Source: USA Today: Dissent on Espinosa v. Montana, No. 18-1195 , Jun 30, 2020

No reverse discrimination unless justified by other reasons

In 1997, the Clinton administration wrestled with an affirmative action case. The Piscataway NJ school board was defending its decision to lay off a white teacher over a black colleague, with equal seniority and similar qualifications, to maintain racial diversity of the district's lone high school.

[The Clinton Administration] filed a brief in the Supreme Court in support of the white teacher's reverse-discrimination claim "on the narrow ground that the board failed to offer an adequate justification for the particular race-based layoff decision," and predicted that the Supreme Court would likely rule that the Civil Rights Act never permits nonremedial affirmative action: "Such a ruling would be a disaster for civil rights in employment." In the margin, Kagan penned, "I think this is exactly the right position--as a legal matter, as a policy matter, and as a political matter."

Civil rights groups came up with money to allow the school board to settle the case with the white teacher.

Source: Education Week, "Kagan Immersed", on 2010 SCOTUS hearings , Jun 6, 2010

2000: Limited public aid to parochial schools is ok

In a Supreme Court case, the Clinton administration weighed whether to support a lower-court ruling that struck down, as a violation of government establishment of religion, authorizing school districts to lend computers, software, and library books to private schools, including religious schools.

In the margin of a memo outlining the issues in the case, Kagan wrote: "I think the President would wish to file in this case.
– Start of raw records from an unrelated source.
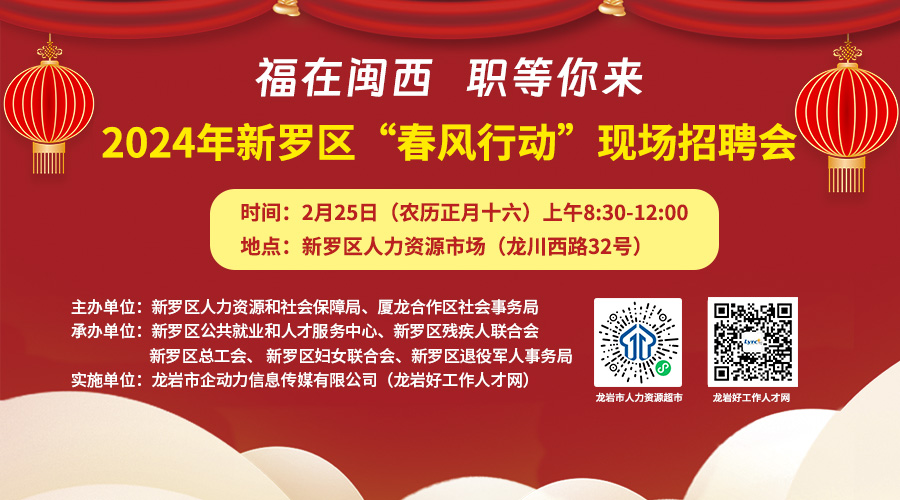 舉辦單位:廈龍合作區(qū)社會事務局、新羅區(qū)人力資源和社會保障局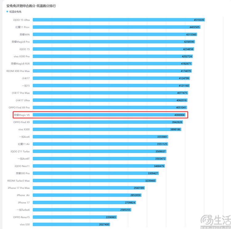 荣耀magic v6在常温和低温跑分榜单中的排名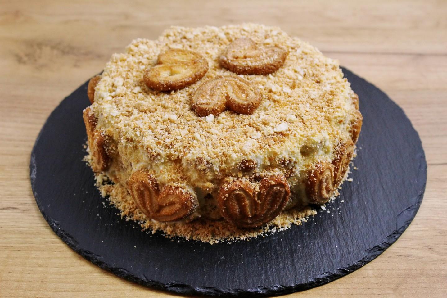 Ингредиенты для формы диаметром 20 см: печенье "ушки" (500 г).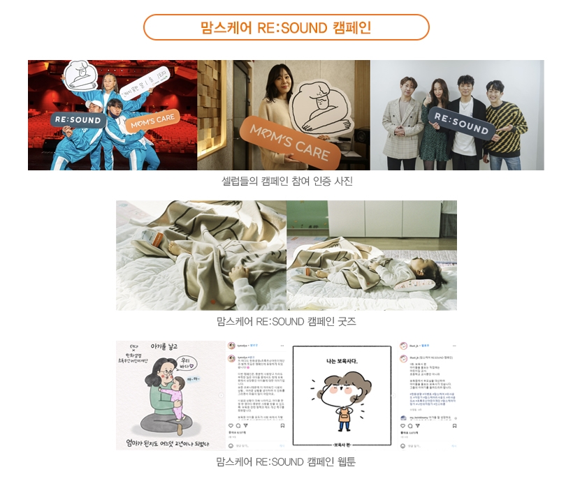 유명 뮤지션들 또한 흔쾌히 캠페인 취지에 공감하며 동참했는데요. 특히 락밴드 ‘몽니’의 리더 김신의 님은 자장가의 작사, 작곡, 가창에 참여하여 맘스케어 캠페인 음원으로 출시하였고, 음원 연주 영상을 SNS에 업로드하는 열의를 보이며 감동을 선사하기도 했습니다.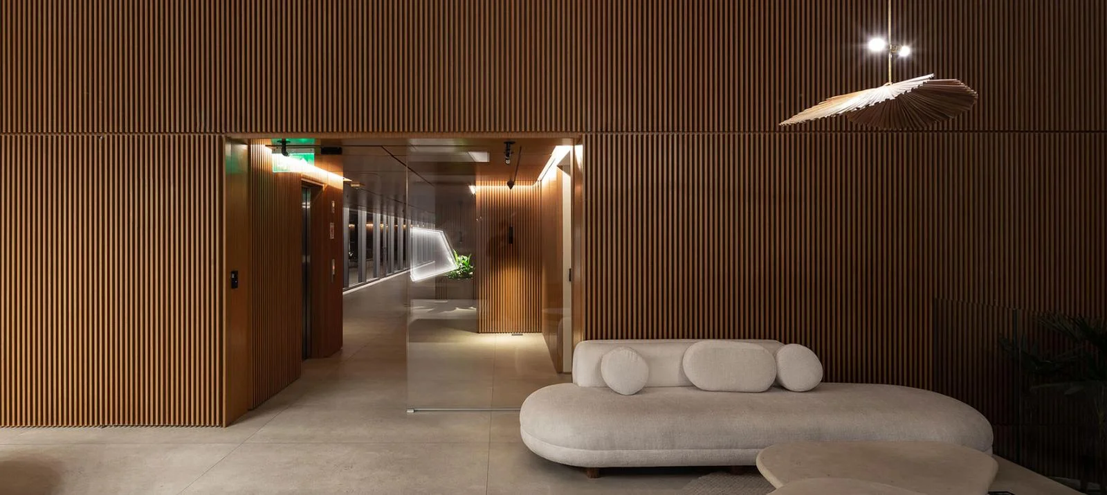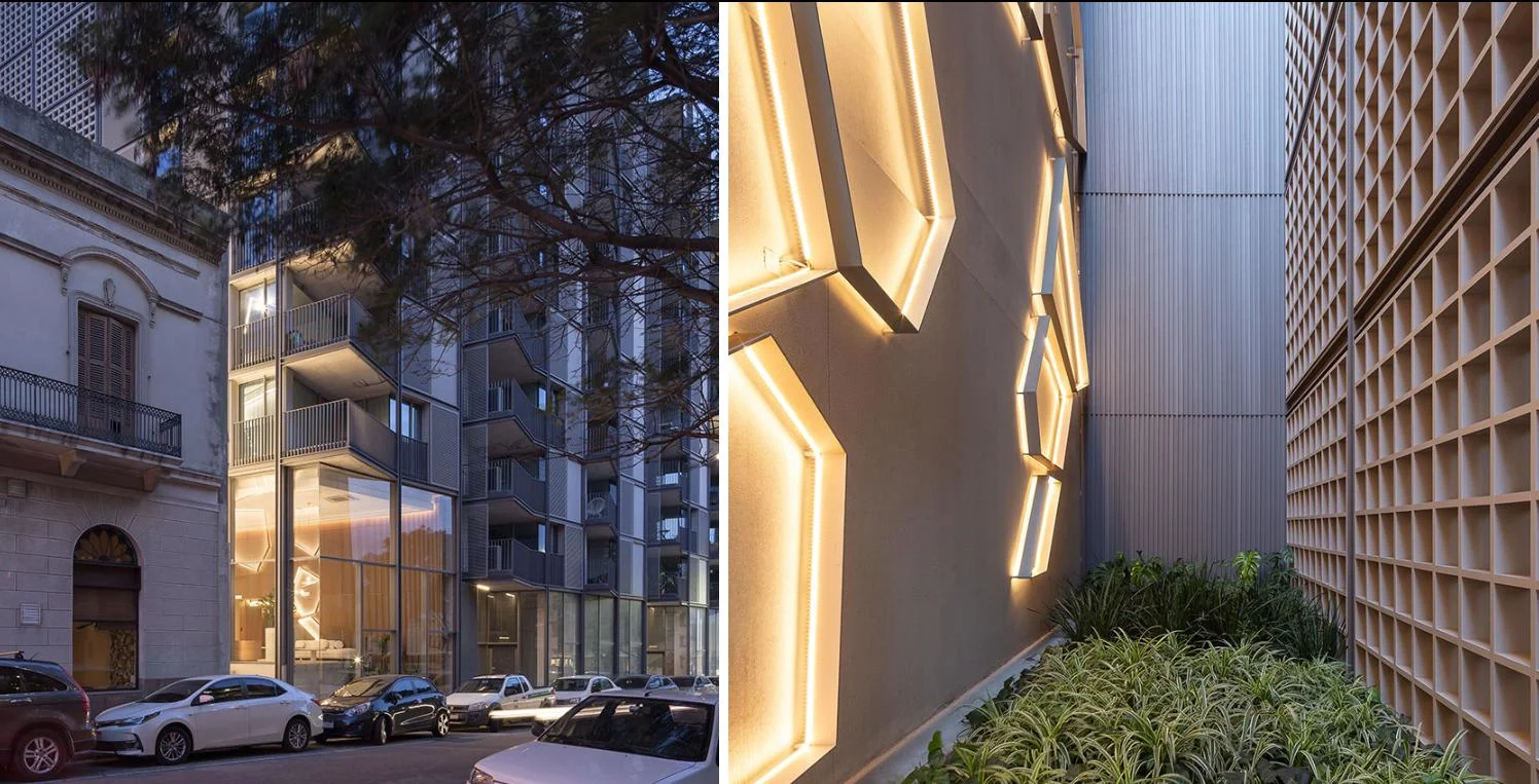 El edificio cuenta con Viviendas, Oficinas, Sauna, Vista al Río, Sky Bar, Solarium, Gym,  Bicicletas, Canal de nado climatizado, Biblioteca, Piscina descubierta, Jacuzzi, Barbacoa y Seguridad.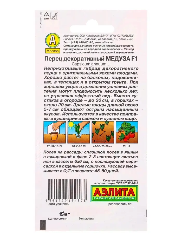 Семена цветов Перец декоративный Медуза F1, Ц/П,15 шт.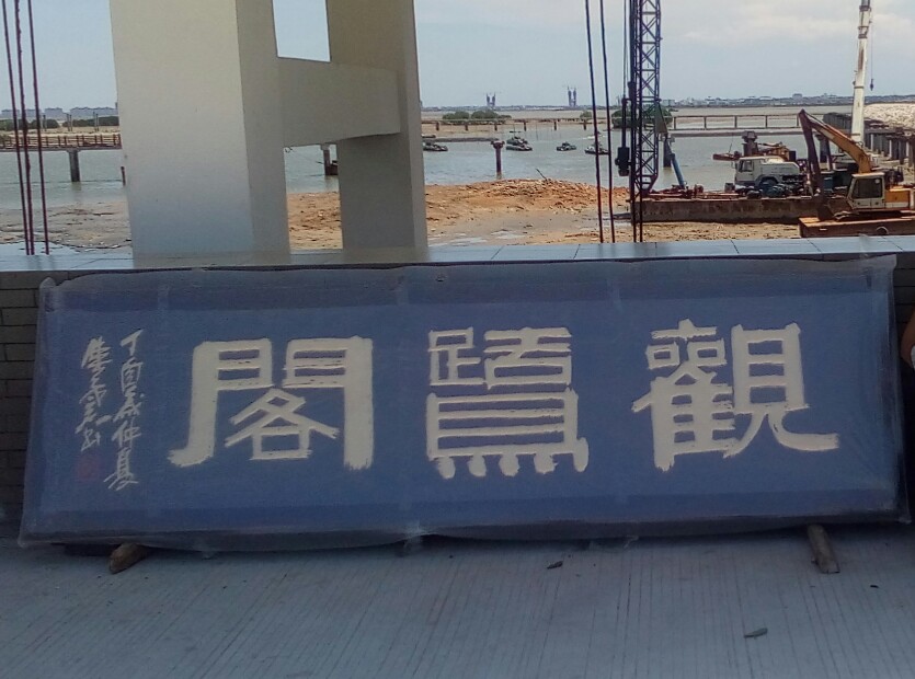 其他 途经海湾水闸,见有人在安装牌坊与见一群人在...

Agree? Elena." Then, she added a second notation: "(Also, I think he would want the SG [solicitor general] to make the case for overruling--not just distinguishing Meek and Wolman.)

That was a reference to two Supreme Court decisions from the 1970s--Meek v. Pittenger and Wolman v. Walter--that dealt with various forms of government aid to nonpublic schools. Ultimately, the Clinton administration supported the aid programs, and in Mitchell v. Helms, the Supreme Court in 2000 upheld the aid to nonpublic schools, and the majority partially overruled Meek and Wolman.

Source: Education Week, "Kagan Immersed", on 2010 SCOTUS hearings , Jun 6, 2010

1998: Don't justify all-girl school by making all-boy school

In 1998, the administration was working with the New York City public schools on ways in which an all-girls school in East Harlem called the Young Women's Leadership School could be justified under court rulings that made publicly funded single-sex programs for only one gender legally suspect. The NYC Schools Chancellor was resistant to federal pressure to open a boys-only program similar to the girls-only leadership school. Another approach being pushed by federal officials was for New York to come up with a remedial justification for the girls-only school.

Kagan wrote: "Whether the lawyers like it or not, the all-boys approach will get us into real trouble with our women's groups friends--at a time when we're likely to need them. This is especially so if they know that we've pushed NYC toward this approach. Tell your friends at Education that finding a remedial justification would be much better--and that they shouldn't press the all-boys school too hard."

Source: Education Week, "Kagan Immersed", on 2010 SCOTUS hearings , Jun 6, 2010

2009: education services ok in private schools

In her capacity as U.S. Solicitor General, Kagan has been involved in two cases pertaining to K-12 education issues. In the first, Forest Grove School District v. T.A. in 2009, Kagan's office maintained that "students need not have received special education services in a public school before becoming eligible for private school tuition reimbursement under the proper circumstances." The Supreme Court upheld that position.
Source: Assoc. of American Educators, "Kagan on Education Policy" , May 11, 2010

No Child Left Behind law is not an unfunded mandate

An education-related case, School District of the City of Pontiac v. Duncan, involves the National Education Association's (NEA's) challenge to the No Child Left Behind law. The union claims the law is an "unfunded mandate" and, therefore, it is illegal. Kagan's brief refutes that claim. That case is awaiting a decision by the Supreme Court whether they will grant review.

Kagan worked on education issues when she served as deputy director of the White House Policy Council under Pres. Clinton.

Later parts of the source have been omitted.